Down the Rabbit Hole
It is now October 2014 and I am 3 months into being stalked online. My stalker has now posted on more sites and keeps getting louder. In life, there will always be people happy to kick someone while they’re down. Forums breed these troll cheerleaders. A lie can be posted and there would be responses spurring on more. Or it is the same person using different personas to add credit to their story?
Chris and I couldn’t tell if all these posts were from the same people or others. What we did know was that it wasn’t stopping.
The words they were calling me…Whore, Cheater, Liar…
It penetrated me to my soul.
I took the words on personally. Every insecurity I had grew like a cancer, eating me alive from the inside. I was losing who I was. The Amanda that looked forward to meeting new people with a smile and a welcome hug was transforming into a girl scared to meet, talk, or even look at people.
Did everyone think of me like this?
I know many people thought “What did she do to deserve this?”
I even thought that. What could I have possibly done that someone hated me this much?
They start a WordPress site on me since I had own arbitration and the cheater sites had taken down the posts. They then start twitter accounts linking the WordPress account and getting more exposure. They place comments on the cheater sites that there is a WordPress site driving more traffic to it. It made it to the top of the search engines quickly. I barely understood how this all worked and it scared me how quickly it happened. I remember running to the bathroom to puke when I saw the new sites. There I was curled around the toilet crying, scared and unable to move.
In the back of my head were people saying, these are just words they can’t hurt you. The problem was they were hurting me. Hurting me to a point a couldn’t function.
I had been tracking everything we had found. I would take screen shots of each site; I created a spreadsheet of all the user names, the dates things were posted and the emails. We recorded every data point we could.
I went to the Calgary Police Service to find help and a Constable assigned to the case began to investigate. The voicemail Chris received from the stalker threatening to kill me got the officer’s attention.
After a month of working with the police officer, though, I got frustrated. I was told there was nothing they could do. I was told not to respond and this would simply go away.
This didn’t make sense to me: why couldn’t the police help me? These are the people who are supposed to protect you and here I was getting threatened and exploited for someone’s amusement. The very thing that laws were put in place for, no longer applied in this cyber world.
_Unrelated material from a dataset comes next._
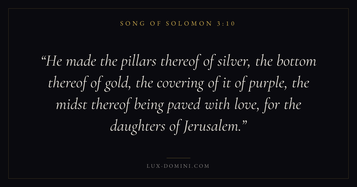 He made the pillars thereof of silver, the bottom thereof of gold, the covering of it of purple, the midst thereof being paved with love, for the daughters of Jerusalem.
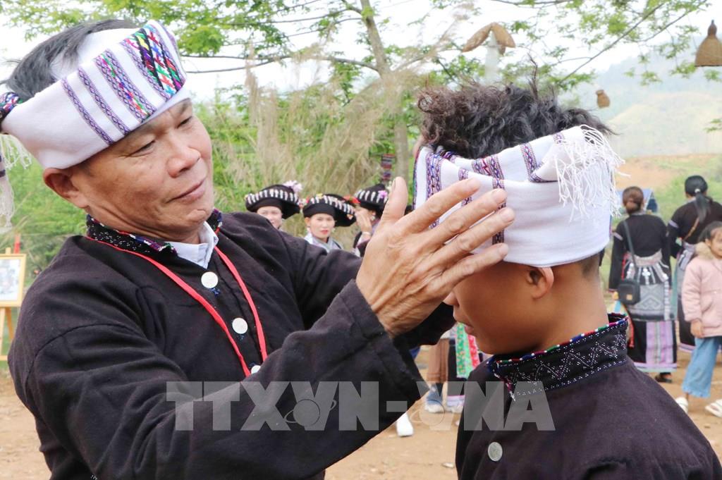 Khác với phụ nữ, trang phục của nam giới đơn giản hơn với với quần, áo được nhuộm chàm đen, đầu quấn khăn màu trắng. Ảnh: Nguyễn Oanh-TTXVN

Really, everyone just kept telling it would go away if I stopped responding. So I did what they asked and guess what…It didn’t stop. It didn’t go away. It got worse.
Out of desperation, I put a post on Facebook asking all my friends for help. I was so frantic and depressed and at the end of my rope. One acquaintance I knew was able to introduce me to a detective for the Calgary Police Service and helped arrange a meeting. I took the detective a binder filled with every bit of evidence I had.
It surprised me that everyone was familiar with children getting bullied online but had never seen a case involving an adult that was this extensive and that crossed so many platforms. The detective took my information and went to her cyber security department. I was hopeful that someone was going to be on my side. Would this finally be my lucky break?
When I got a call from her to follow up, though, it wasn’t good news. First, the police service didn’t have the time or resources to help me. Second, the only thing they might be able to do was watch my Facebook profile – if I gave them my passwords and didn’t post anything from that moment on.
Since the harasser wasn’t attacking me on Facebook, it seemed pointless to have the police watch over the one place where I was still “safe” online.
As I have now learned, Canadian and U.S. laws are so far behind the times when it comes to stalking, harassing and shaming on social networks… its sick.
The detective offered to watch my case and asked to be informed of any new information, but, because it was happening on third-party websites, it would be difficult to pursue charges. For them to do that, they would need to catch the person on a keyboard at a computer to make a charge stick and I didn’t even know who was doing this to me.
Eventually, I was told if I wasn’t the victim of a homicide or a child pornography case, I was going to have difficulty getting anyone to help me because this is an internet issue as well as a cross-border issue.
I literally would have to die to get any type of help.
I felt completely defeated. I was overpowered and living in the horror story created for me. One that every day I was reminded of and every night I laid awake wondering “Why me? Who is doing this to me?” I rarely slept, the faces of friends, family and every stranger I could ever remember flashed before my eyes as I thought “Could it be them?” I was falling emotionally down the rabbit hole and I didn’t know where the bottom was.